Tuesday, May 21, 2002

Silverton tax hike 1 vote short

By Allen Howard ahoward@enquirer.com
The Cincinnati Enquirer

        SILVERTON — A vote on whether to increase the city's 1 percent earnings tax, which was tied in preliminary vote counts May 7, fell short by one vote after provisional votes were counted by the Hamilton County Board of Elections.

        Of the nine provisional votes cast, five were against the quarter-percent tax in crease Provisional votes are those cast by voters who have moved from one precinct to another since the last election.

        They are not certified in the regular count until the board checks to see if those persons are registered.

        At 9 a.m. May 28, all votes cast on the tax increase will be recounted, pending Silverton's approval, board of elections officials said.

        The initial vote count May 7 showed 287 for the increase and 287 against. If the recount results in a tie, the measure will fail.
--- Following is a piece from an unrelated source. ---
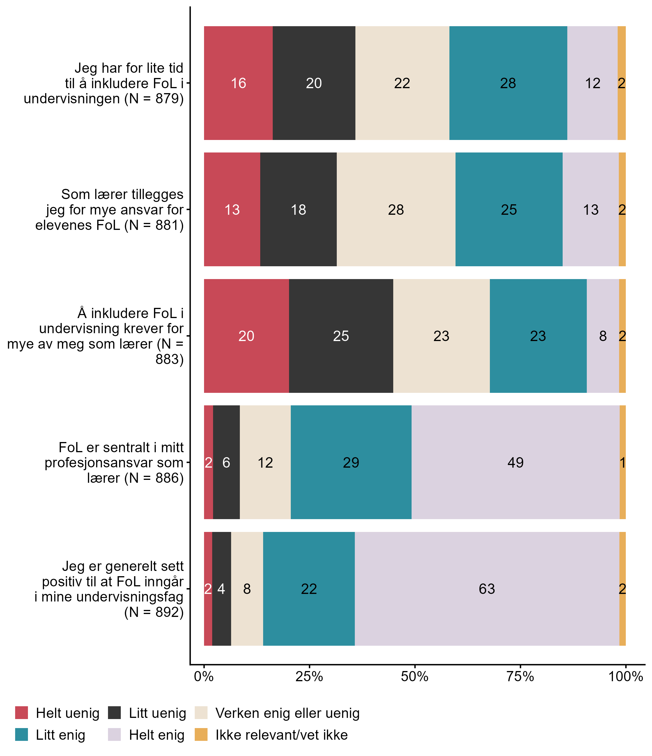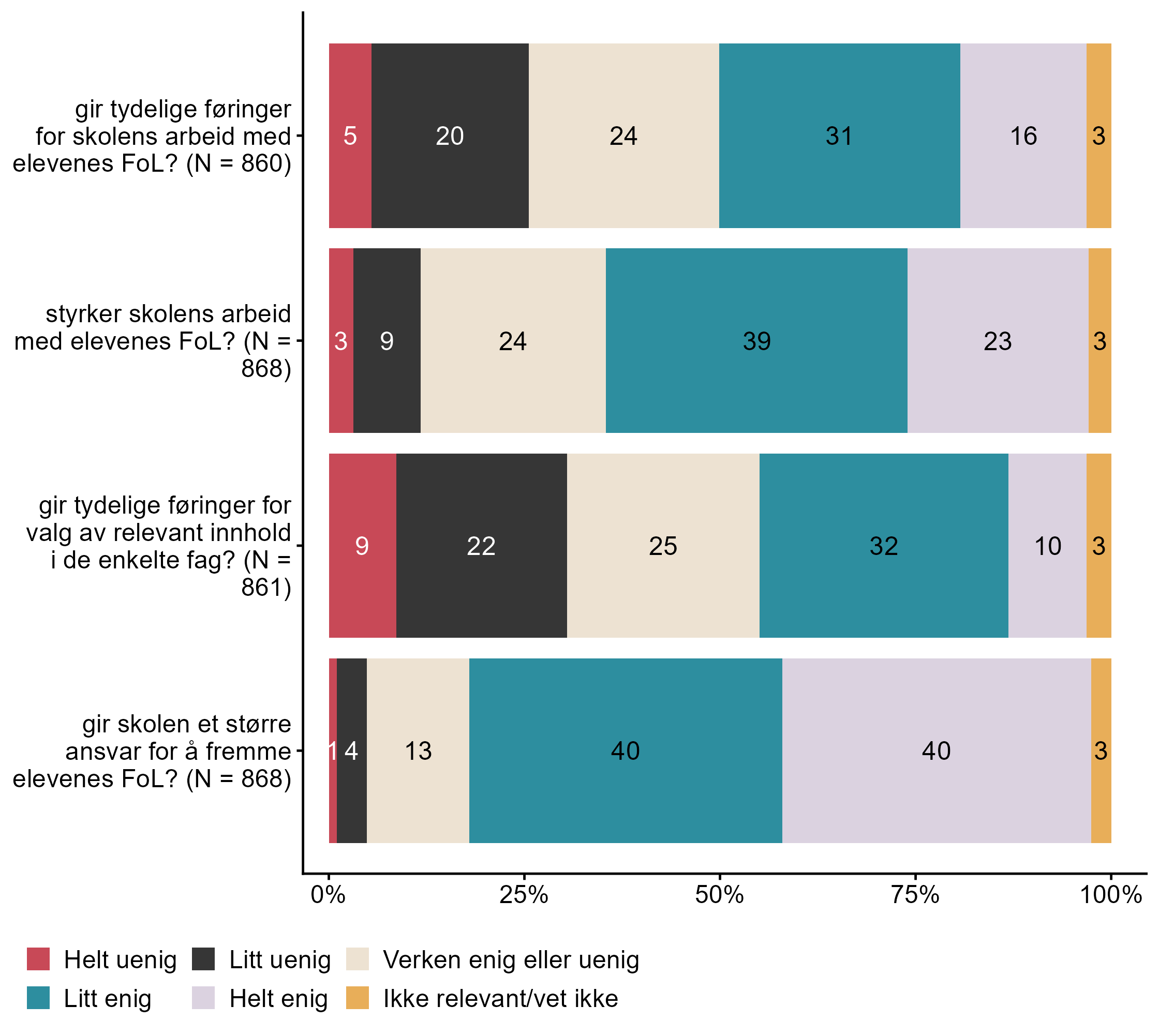 Figur 7.5.Hvor enig er du i at innføringen av folkehelse og livsmestring (FoL) i LK20. N = [860–868], Figur (PNG), Figurdata (XLSX). (Q_LS17_1,Q_LS17_2,Q_LS17_3,Q_LS17_4)

        David Waltz, municipal manager, said officials will wait until after the recount to see what to do next.

        “Even if it fails in the recount, it is too early for us to think about putting the issue back on the ballot,” Mr. Waltz said. “We have to look at what happened. We didn't do much campaigning for the tax increase because we didn't see any visible opposition.”

        But it appears it's not too early for opposition to mobilize. A political action committee, Citizens for a Better Silverton (CFABS), has started a campaign to defeat the issue if it is put back on the ballot.

        The group is led by Don and Susana Lykins of East Avenue, who said they are circulating petitions against the tax increase.

        “We are fed up with city officials doing things without informing the residents,” Mr. Lykins said. “They put a tax increase on the ballot, then come around and ask for our support. Why can't they ask for our advice before putting it on the ballot?”

        Mr. Waltz said residents have access to city issues through council meetings, public hearings and commit tee meetings, all open to the public.

        “Residents had time to comment on the tax increase through several public hearings,” Mr. Waltz said.

        “If the tax increase fails, it will put us further behind on the repairs. There were several street repair projects we had hoped to start this fall.”